◆ Input data
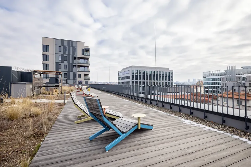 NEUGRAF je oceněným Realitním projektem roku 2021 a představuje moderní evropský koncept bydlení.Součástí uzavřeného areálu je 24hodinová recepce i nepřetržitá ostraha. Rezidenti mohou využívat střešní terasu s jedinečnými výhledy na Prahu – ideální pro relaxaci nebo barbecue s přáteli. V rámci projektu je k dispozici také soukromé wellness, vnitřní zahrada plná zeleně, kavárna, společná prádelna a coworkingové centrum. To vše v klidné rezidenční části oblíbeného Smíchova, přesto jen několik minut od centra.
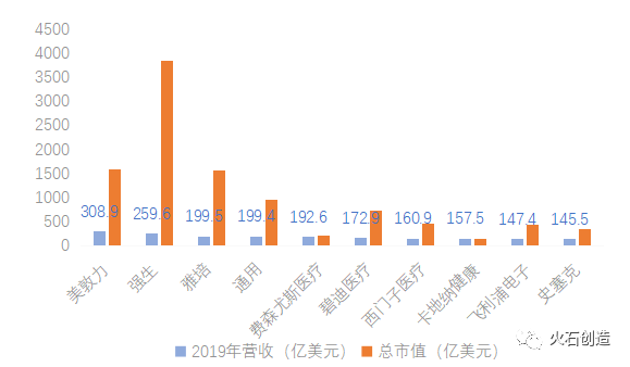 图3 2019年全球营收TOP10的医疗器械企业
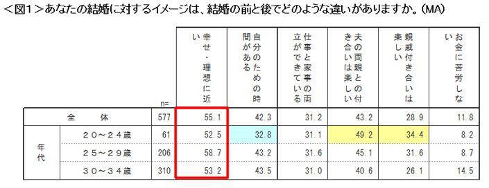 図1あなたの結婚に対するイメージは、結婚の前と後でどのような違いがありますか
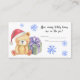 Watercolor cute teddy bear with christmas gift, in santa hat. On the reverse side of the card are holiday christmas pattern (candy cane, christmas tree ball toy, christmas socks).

◆ What you need to do
Reprint the whole listing above exactly, taking out the pictures.

◆ Solution for this exercise
 NEUGRAF je oceněným Realitním projektem roku 2021 a představuje moderní evropský koncept bydlení.Součástí uzavřeného areálu je 24hodinová recepce i nepřetržitá ostraha. Rezidenti mohou využívat střešní terasu s jedinečnými výhledy na Prahu – ideální pro relaxaci nebo barbecue s přáteli. V rámci projektu je k dispozici také soukromé wellness, vnitřní zahrada plná zeleně, kavárna, společná prádelna a coworkingové centrum. To vše v klidné rezidenční části oblíbeného Smíchova, přesto jen několik minut od centra.
 图3 2019年全球营收TOP10的医疗器械企业
 図1あなたの結婚に対するイメージは、結婚の前と後でどのような違いがありますか
 Watercolor cute teddy bear with christmas gift, in santa hat. On the reverse side of the card are holiday christmas pattern (candy cane, christmas tree ball toy, christmas socks).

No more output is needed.